Tag Archives: bartender

That Moment / There is a penis in my Guinness


The bartender pours me a pint of Guinness. There is something exciting about him. The fantasy, service, and the desire are charged with a kind of unspoken drama, where connection and expression flourish. 

He stands at the centre of this world: confident, attentive, just out of reach. There’s power in the dynamic where he’s part host, part performer, and part confessor. That mix of emotional availability and physical proximity is incredibly compelling. 

He leaves the Guinness to settle and waits. It’s a subtle performance of masculinity, of beauty, and a flirtatious smirk. There’s a silent dialogue: who’s paying attention to whom? He represents a safe focal point for flirtation and fantasy. He’s someone I want to admire, talk to, maybe even imagine a story with, without needing it to be real. It’s an aesthetic moment as much as an emotional one. 

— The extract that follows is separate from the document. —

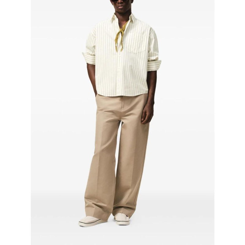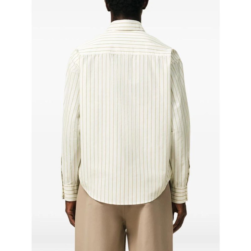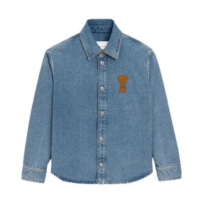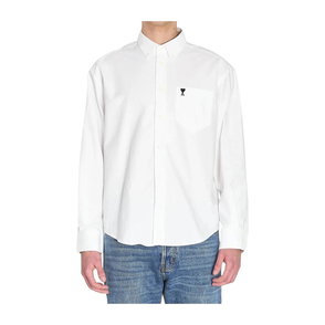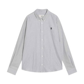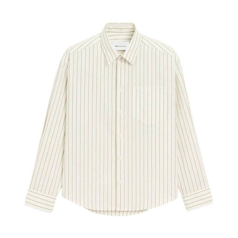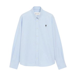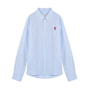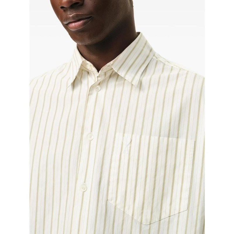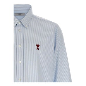 Ami Paris De Coeur Embroidered-Logo Shirt features tonal heart embroidery and a striped cotton build, designed for everyday smart-casual wear.

He’s a kind of canvas – with a quiet understanding, a rescuer, a rebel, a secret crush. Each interaction, no matter how fleeting, is charged with possibility. 

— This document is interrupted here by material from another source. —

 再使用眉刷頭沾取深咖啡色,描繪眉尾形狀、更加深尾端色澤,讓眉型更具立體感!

He starts pouring again, and I ask for a four-leaf clover on the top of the Guinness. When he hands me the drink, I see that he’s tried to draw one in the foam. 

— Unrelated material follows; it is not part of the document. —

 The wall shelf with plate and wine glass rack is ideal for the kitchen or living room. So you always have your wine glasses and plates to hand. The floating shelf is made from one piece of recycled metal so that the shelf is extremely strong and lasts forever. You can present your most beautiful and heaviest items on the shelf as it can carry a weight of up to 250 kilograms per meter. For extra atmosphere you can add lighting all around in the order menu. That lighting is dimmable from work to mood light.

I think there’s something haunting and poetic to explore in this distance between us – the observer and the observed where we are both muse and mirror. That space between emotional hunger and aesthetic distance – that quiet pull toward someone who may never cross the line into intimacy. 

I realise that he hasn’t drawn a four-leaf clover after all and can see that it is a penis instead. He leans over and whispers that only wankers draw a four-leaf clover. I take a sip, and he smiles, quietly calling me a cocksucker.